Şimdiye kadar çok iyi: burada militan deliliğe dair bir işaret yok, tıpkı ADL’den bunca yıldır duyduğumuz beylik laflara benziyor ve bu kişilerin ortalama sıradan Yahudi liberaller olduğuna dair mesajı alamadıysanız, işte size daha fazla teminat:
"Biz kategorik olarak din temelinde bağnazlığa yönelimleri reddediyor ve bu önerilen İslam Merkezine muhalefetleri böyle bir bağnazlığın tezahürü olanlar kişileri kınıyoruz. Ancak ... "
Aha, işte geliyor:
"Dünya Ticaret Merkezi çevresinde anlaşılır güçlü tutkular ve keskin hassasiyetler var. Biz orada milletimizin yaşamış olduğu trajediye hep duyarlı olduk, acıyı hepimiz hâlâ hissediyoruz - ve özellikle 11 Eylül 2001’de öldürülen kişilerin ailelerinin ve dostlarının acısını. "
Dünya Ticaret Merkezi’ne saldırıp onu yıkan İslam değil de dini kanlı ihtirasları için bir kılıf olarak kullanan fanatiklerin oluşturduğu marjinal bir grup olduğu için, ADL’nin burada kastettiği şey, İslam’la ilgili herşeyden nefret eden İslamofobiklerin "güçlü tutkuları"dır - Neden o zavallı hassas ruhlar ve onların duyguları hüzün verici şekilde incinmiş olaki? Dünyanın En büyük dinlerinden birini 9/11’de 3000 kişiyi öldürmüş bir avuç cani ve soyguncuyla bir tutan kimselerin “keskin hassasiyetlerinin” aslında hesaba katılması gerekmez mi? Peki ya, 1967’de Amerikan gemisi USS Liberty’nin İsrail savaş uçakları tarafından bombalanmasının -34 ABD görevlisi katledildi- peşinden Arlington Ulusal Mezarlığının iki mil menzilindeki tüm sinegogların yasaklanması için yürütülen kampanyaya ne demeli? ADL nasıl tepki verirdi buna?
Şüphesiz onlar böylesine kaçık ve bariz bağnaz öneriyi haklı çıkaran –ölen denizcilerimizin ailelerini kışkırtan- kimselere şiddetle karşı çıkarlardı, özellikle bu bağnazlar o sinagogların "iyileşme sürecini kötü etkilediği” iddiasında bulunma küstahlığını gösteriyorlarsa. Ancak bu, ADL’nin Kordoba Evi’ne muhalefetini nasıl mantığa bürüdüğünü gösteriyor: Dünya genelindeki anti-Semitik kaçıkların söylemini anımsatan aynı kolektif suçluluk söylemini dillendirerek.

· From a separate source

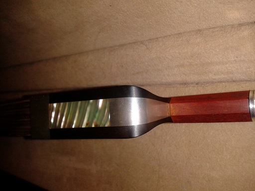 The bow plays beautifully and is very nimble for all techniques. Weight: 134 grams. Length of Stick from Tip (not including Screw): 26 9/16" (27 7/16" with Screw) Playing Length of Hair: 21 1/8" Here are some pics showing his beautiful workmanship |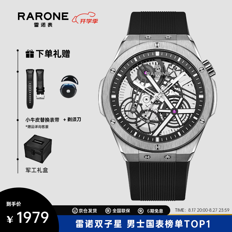 雷诺(RARONE)双子星·X时轮全景镂空机械表夜光国表品牌男士腕表送男友礼物价格:2189.00元!

ADL bir yüce prensip meselesi olarak komplo teorilerine her zaman karşı çıkmıştır ve hemen o teorileri azılı anti-Semitik bir sahtekârlık olan Siyon Liderlerin Protokolleri ile karşılaştırır. Ne var ki Foxman & Co’nun ifade ettiği gibi “bu özgül koşullarda” onlar, Kordoba Evi’ni inşa edenleri “terörist” kaynaklardan para almakla suçlayan bir komplo teorisini benimsemeye gayet hevesliler. Bu teoriye göre tüm proje, 9/11 terörist saldırılarının tam da dokuzuncu yıldönümünde olanları bize anımsatmak için çok zengin radikal İslamcıların hazırladıkları bir tezgâhtır.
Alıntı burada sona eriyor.